8 Industries Where IoT Is Working the Best

The U.S. Government Accountability Office (GAO) has identified the areas currently exploiting the IoT to the fullest.


Published on June 16, 2017 by CIO

The Internet of Things (IoT) is making progress in quite a few industrial sectors, especially those including energy, manufacturing, supply chain analytics and connected vehicles.

Connected technology is transforming companies by enhancing the competitive edge at the intersection of people, data and intelligent machines. The productivity and efficiency gains garnered from improved operational effectiveness is putting those organizations willing to harness these tools at the forefront of industry.

There are particular sectors where IoT seems to have found a definitive role, which the US Government Accountability Office (GAO) identified as the areas that are currently exploiting the IoT to the fullest. Here are eight of them.

1. Wearables

There are a host of innovative wearables on the market today. And not only limited to fitness trackers, but the range is expanding to incorporate clothing that monitors respiration rate, football helmets that have impact detection capabilities and smart glasses that enable augmented reality.

These devices generate biometric and environmental data for either feedback or comprise processors allowing smart decisions to be made based on accumulated information. The potential applications in industry are quite substantial, besides the obvious coaching advancements enabled by activity trackers, but firefighters wearing smart glasses can “see” the buildings layout when obstructed with smoke, permitting them to do their jobs in an otherwise impossible environment. The use of wearable technology for recording vital signs also promises to revolutionize the medical profession.

2. Smart homes and buildings

Both residential and commercial buildings can benefit from IoT devices. From an industrial perspective, they can facilitate resource and energy optimization with devices like smart heating systems, refrigerators, connected security cameras and lighting.

3. Vehicles

Connected vehicles have the ability to sense, analyze and make decisions based on information gathered from the environment. They can optimize traffic routes or avoid accidents or safety hazards. Additionally, there is the infotainment capability for passenger vehicles allowing users to stream music or provide navigation.

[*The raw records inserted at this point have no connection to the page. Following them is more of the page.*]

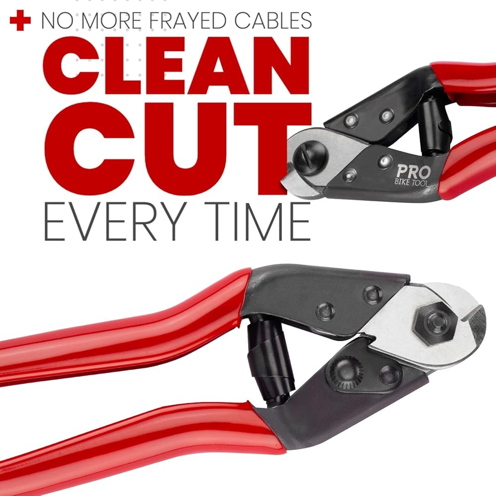 PRO BIKE TOOL Cable Cutters for Heavy Duty cable cutter for bicycle wires and cables. Helps to managed and remove Frayed Cables - Thanks to the hard metal blades, they are not only sharp, but durable. This ensures they provide a clean cut time after time and more importantly, no frayed cables! A Cyclists best friend - Make bicycle maintenance a breeze and cut your cables clean every time. Also great for general use around the house, DIY and all sorts of metal cutting. Ergonomics - The soft PVC coated handle provides plentiful grip for great leverage. The PRO quality Handles ergonomically shaped to your hand for the best grip for high efficiency and safety. Spring loaded! - The pliers can be locked together with the safety lock when not in use, or unlocked meaning the pliers will spring outwards ready for use. Super easy to use! Pro Quality – We are so confident about the quality of our products that if you have any product issues, we're very happy to either provide a Refund or a Replacement.
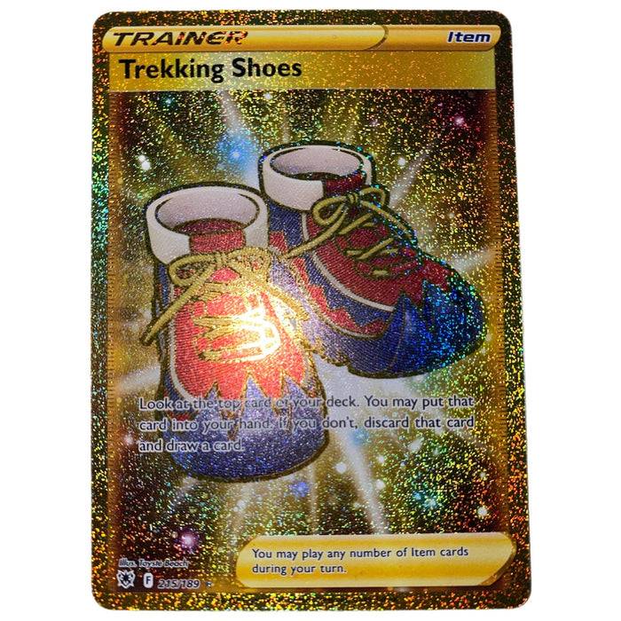 Zauważcie jak intensywnie świecą się te karty i jak wyraźnie widać piaskowy hologram (w karcie Trekking Shoes). Jak widzicie – złote karty bardzo często mają kolorowego pokemona lub przedmiot – nie są więc całkowicie złote. Oryginalne złote karty to mogą być Pokemony, ale również karty trenerskie lub energie.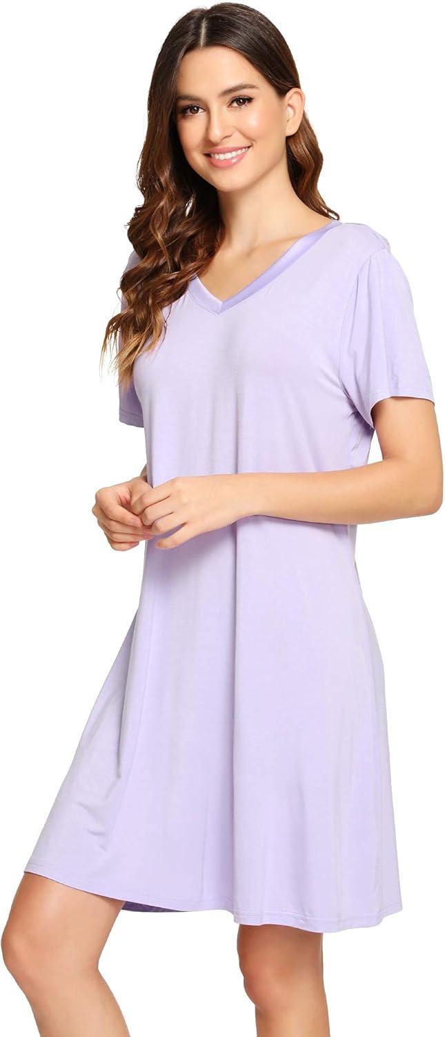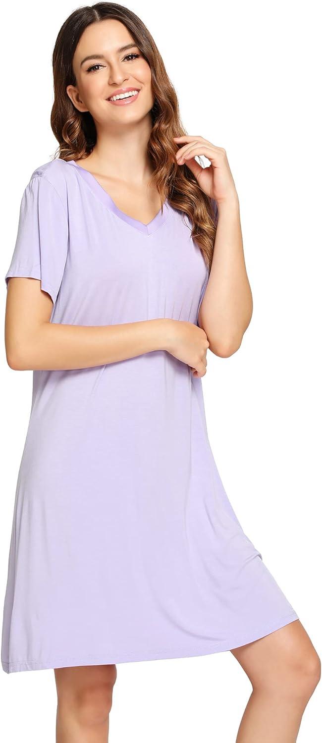 WiWi Nightgowns for Women Short Sleeve Sleepwear Soft Bamboo Viscose Pajamas Sleep Shirt Plus Size Loungewear S-4X(A-taro Purple)

For the motor industry, this is where IoT truly has the edge. IoT-enabled data communication systems allow motor companies to remotely update software and respond to real time mechanical issues. This facilitates preventative maintenance and improves vehicular performance. Another potential platform for the motor industry to exploit is the interconnectivity between IoT devices, allowing more effective logistics management. Perhaps even safer roads are a reality, as connected vehicles awareness of each other and thus result in smoother flow of traffic, devoid of human error.

4. Manufacturing

IoT in the manufacturing dimension is not a new concept. Many production facilities are already relying on smart sensors and machine learning to make in-line adjustments to the process. The data generated and the analytics performed can vastly improve efficiency and quality. Furthermore, the information collected can be used to predict impending machine failures and thus improve machinery performance and longevity with predictive maintenance.

5. Supply chain

IoT devices have been instrumental in revolutionizing supply chain management. Smart sensors and IoT devices enable product identification along the chain and thus aid reducing bottlenecks, improving efficiency and consequently reducing production costs. This dramatically eases the shipping process as well, as environmental data can be accounted for to arrange adequate logistics.

6. Agriculture

Agriculture is one industry that is profiting considerably from the implementation of IoT devices. The applications include using smart sensors to remotely monitor and control pumps and equipment, as well as environmental monitoring of chemical levels, soil profiles and air quality. In greenhouses, similar monitors and track and automatically respond to changes in humidity and temperature. These advances allow the changes to be made in real time, raising the efficiency and cost-effectiveness of the process.

7. Healthcare

IoT in healthcare has potentially lifesaving capabilities, seeking to improve patient quality of life and enable self monitoring and management of health. In hospitals themselves, IoT biometric devices can monitor vital signs allowing health professionals to oversee an entire ward at the glance of a tablet screen. This real-time monitoring aggregates data that can be analyzed to provide a holistic view of the patient’s health, as well as indentifying trends that may need medical intervention.

8. Energy

Oil and gas companies make use of IoT devices to measure along drilling lines. By measuring, and consequently adapting the speed and pressure of the drilling procedure, these devices serve to optimize the process and cut expenditure.

Smart energy grids are becoming popular and rely on IoT devices to enable communication between the grid and the consumer, optimizing the resources where possible. This not only reduces costs, but saves energy and potentially reduces the carbon footprint.

These industries are at the vanguard of IoT development and are adapting their processes to integrate intelligence-driven technology to improve functionality. The success in these sectors is providing a gateway for the progress of IoT into other industries.